> **EXERCISE DESCRIPTION**: Reproduce the data below word for word, setting aside any picture it holds.

> **RECORDED INFORMATION**:
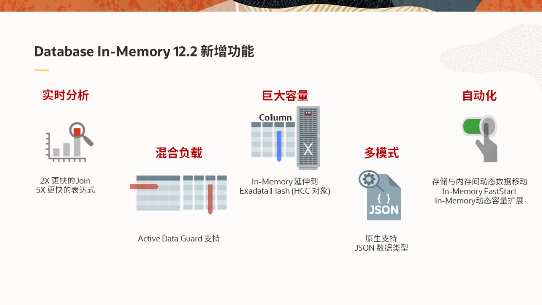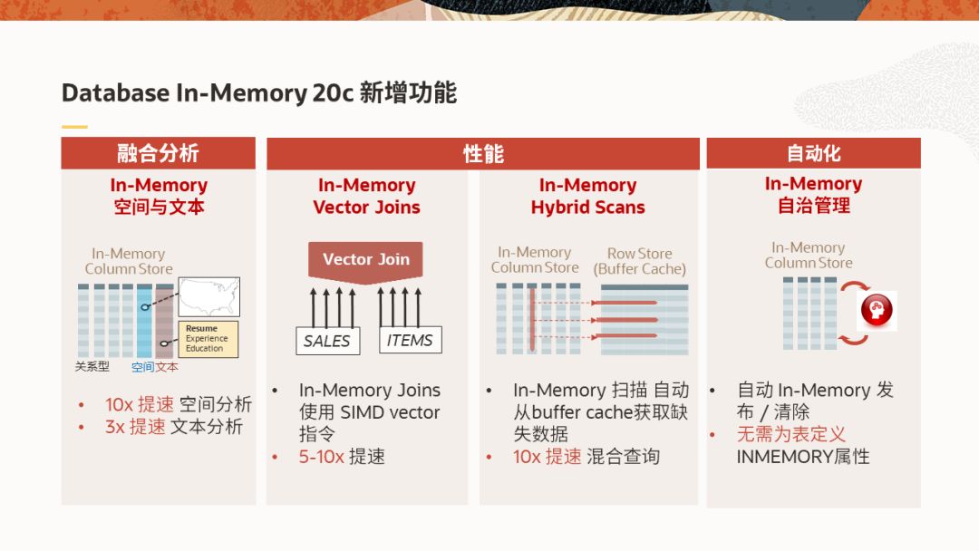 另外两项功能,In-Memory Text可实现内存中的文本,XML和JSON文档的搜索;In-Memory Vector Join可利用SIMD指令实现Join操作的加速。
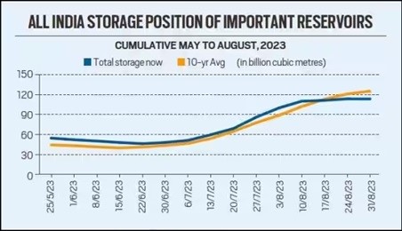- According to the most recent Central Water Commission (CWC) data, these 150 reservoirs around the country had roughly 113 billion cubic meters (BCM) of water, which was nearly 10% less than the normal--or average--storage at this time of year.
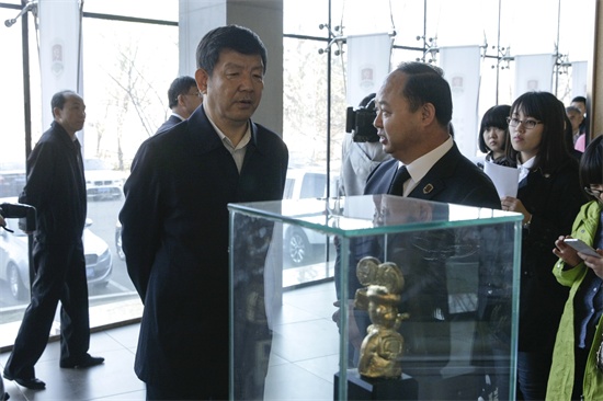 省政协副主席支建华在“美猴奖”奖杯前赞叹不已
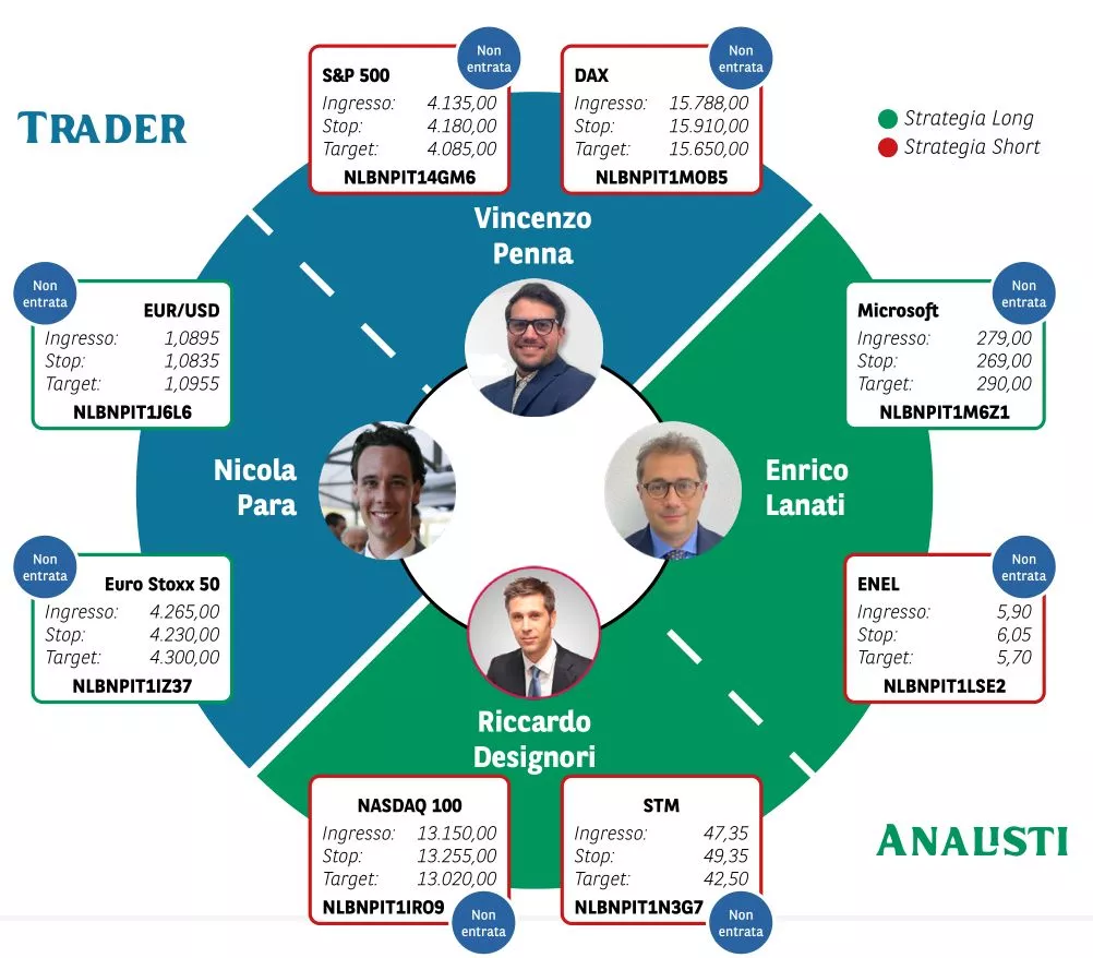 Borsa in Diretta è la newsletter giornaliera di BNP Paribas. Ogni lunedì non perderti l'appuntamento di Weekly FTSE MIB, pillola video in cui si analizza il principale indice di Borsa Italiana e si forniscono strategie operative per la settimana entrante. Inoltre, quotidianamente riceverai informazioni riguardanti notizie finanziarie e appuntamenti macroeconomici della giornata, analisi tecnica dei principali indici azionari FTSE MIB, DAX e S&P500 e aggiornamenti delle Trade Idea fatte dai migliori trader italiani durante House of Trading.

> **SOLUTION TO THIS TASK**:
 另外两项功能,In-Memory Text可实现内存中的文本,XML和JSON文档的搜索;In-Memory Vector Join可利用SIMD指令实现Join操作的加速。
- According to the most recent Central Water Commission (CWC) data, these 150 reservoirs around the country had roughly 113 billion cubic meters (BCM) of water, which was nearly 10% less than the normal--or average--storage at this time of year.
 省政协副主席支建华在“美猴奖”奖杯前赞叹不已
 Borsa in Diretta è la newsletter giornaliera di BNP Paribas. Ogni lunedì non perderti l'appuntamento di Weekly FTSE MIB, pillola video in cui si analizza il principale indice di Borsa Italiana e si forniscono strategie operative per la settimana entrante. Inoltre, quotidianamente riceverai informazioni riguardanti notizie finanziarie e appuntamenti macroeconomici della giornata, analisi tecnica dei principali indici azionari FTSE MIB, DAX e S&P500 e aggiornamenti delle Trade Idea fatte dai migliori trader italiani durante House of Trading.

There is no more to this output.